§ **Work to be completed**:
What is needed is every line from the one holding "The highest SERS" to the last line of the data below, printed exactly and without pictures.

§ **Data shown**:
>>>
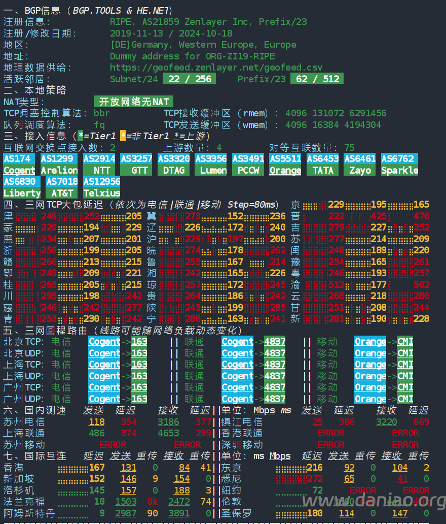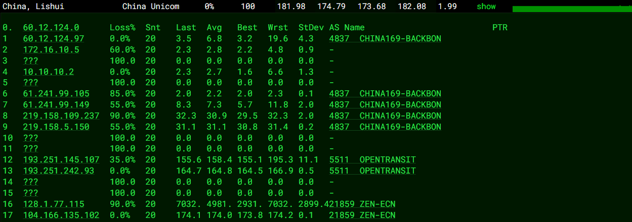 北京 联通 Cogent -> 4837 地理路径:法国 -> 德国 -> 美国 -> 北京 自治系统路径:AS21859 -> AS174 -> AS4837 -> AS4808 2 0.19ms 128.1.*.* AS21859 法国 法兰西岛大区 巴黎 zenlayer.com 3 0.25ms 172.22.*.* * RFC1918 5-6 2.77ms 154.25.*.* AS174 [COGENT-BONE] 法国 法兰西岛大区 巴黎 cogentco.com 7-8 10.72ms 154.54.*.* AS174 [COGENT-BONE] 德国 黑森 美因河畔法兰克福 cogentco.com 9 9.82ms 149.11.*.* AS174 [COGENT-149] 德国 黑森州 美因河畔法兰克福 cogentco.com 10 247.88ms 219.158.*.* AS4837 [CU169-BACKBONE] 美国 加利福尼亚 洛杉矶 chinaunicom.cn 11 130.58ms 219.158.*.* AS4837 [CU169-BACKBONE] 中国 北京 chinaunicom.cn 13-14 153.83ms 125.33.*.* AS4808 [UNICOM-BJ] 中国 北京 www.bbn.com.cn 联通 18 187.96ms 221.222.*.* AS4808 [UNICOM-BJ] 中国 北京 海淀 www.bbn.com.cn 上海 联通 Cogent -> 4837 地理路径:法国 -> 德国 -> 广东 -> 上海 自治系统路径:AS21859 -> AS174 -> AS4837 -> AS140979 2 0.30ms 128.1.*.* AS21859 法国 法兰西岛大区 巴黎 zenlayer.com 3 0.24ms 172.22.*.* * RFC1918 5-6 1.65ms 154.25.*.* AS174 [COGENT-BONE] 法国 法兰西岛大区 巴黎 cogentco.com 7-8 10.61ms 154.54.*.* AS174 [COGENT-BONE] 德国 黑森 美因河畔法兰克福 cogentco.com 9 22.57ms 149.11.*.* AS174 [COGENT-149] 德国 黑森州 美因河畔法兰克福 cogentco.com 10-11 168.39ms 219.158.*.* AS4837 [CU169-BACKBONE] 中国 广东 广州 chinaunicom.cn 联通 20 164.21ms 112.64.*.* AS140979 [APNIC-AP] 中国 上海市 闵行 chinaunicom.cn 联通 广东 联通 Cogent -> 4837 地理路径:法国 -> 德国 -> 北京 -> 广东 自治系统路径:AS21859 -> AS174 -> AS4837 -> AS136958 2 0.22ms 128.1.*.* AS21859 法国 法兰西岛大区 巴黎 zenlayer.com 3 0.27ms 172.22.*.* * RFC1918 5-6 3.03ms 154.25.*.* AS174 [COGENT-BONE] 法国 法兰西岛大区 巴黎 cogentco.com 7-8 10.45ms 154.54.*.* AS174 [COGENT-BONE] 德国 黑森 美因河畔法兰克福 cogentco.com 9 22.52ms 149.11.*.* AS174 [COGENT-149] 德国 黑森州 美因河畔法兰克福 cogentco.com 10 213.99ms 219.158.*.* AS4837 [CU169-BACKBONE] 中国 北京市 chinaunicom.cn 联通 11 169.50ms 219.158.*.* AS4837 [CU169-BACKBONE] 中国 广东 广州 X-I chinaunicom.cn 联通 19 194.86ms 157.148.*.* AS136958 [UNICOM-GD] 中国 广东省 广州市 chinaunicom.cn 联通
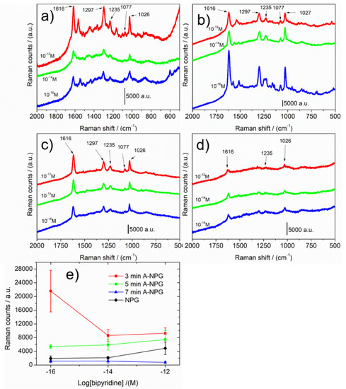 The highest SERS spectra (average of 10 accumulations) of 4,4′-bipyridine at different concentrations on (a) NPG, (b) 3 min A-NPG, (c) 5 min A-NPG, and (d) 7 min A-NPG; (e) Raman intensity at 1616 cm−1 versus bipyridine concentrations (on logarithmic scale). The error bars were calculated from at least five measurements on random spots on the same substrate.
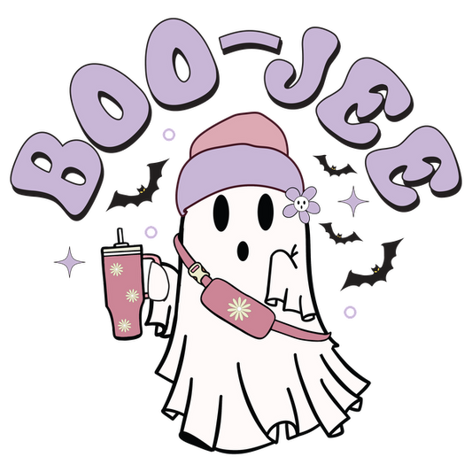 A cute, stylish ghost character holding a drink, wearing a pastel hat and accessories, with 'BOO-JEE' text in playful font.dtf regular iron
<<<
§ **Written answer**:
 The highest SERS spectra (average of 10 accumulations) of 4,4′-bipyridine at different concentrations on (a) NPG, (b) 3 min A-NPG, (c) 5 min A-NPG, and (d) 7 min A-NPG; (e) Raman intensity at 1616 cm−1 versus bipyridine concentrations (on logarithmic scale). The error bars were calculated from at least five measurements on random spots on the same substrate.
 A cute, stylish ghost character holding a drink, wearing a pastel hat and accessories, with 'BOO-JEE' text in playful font.dtf regular iron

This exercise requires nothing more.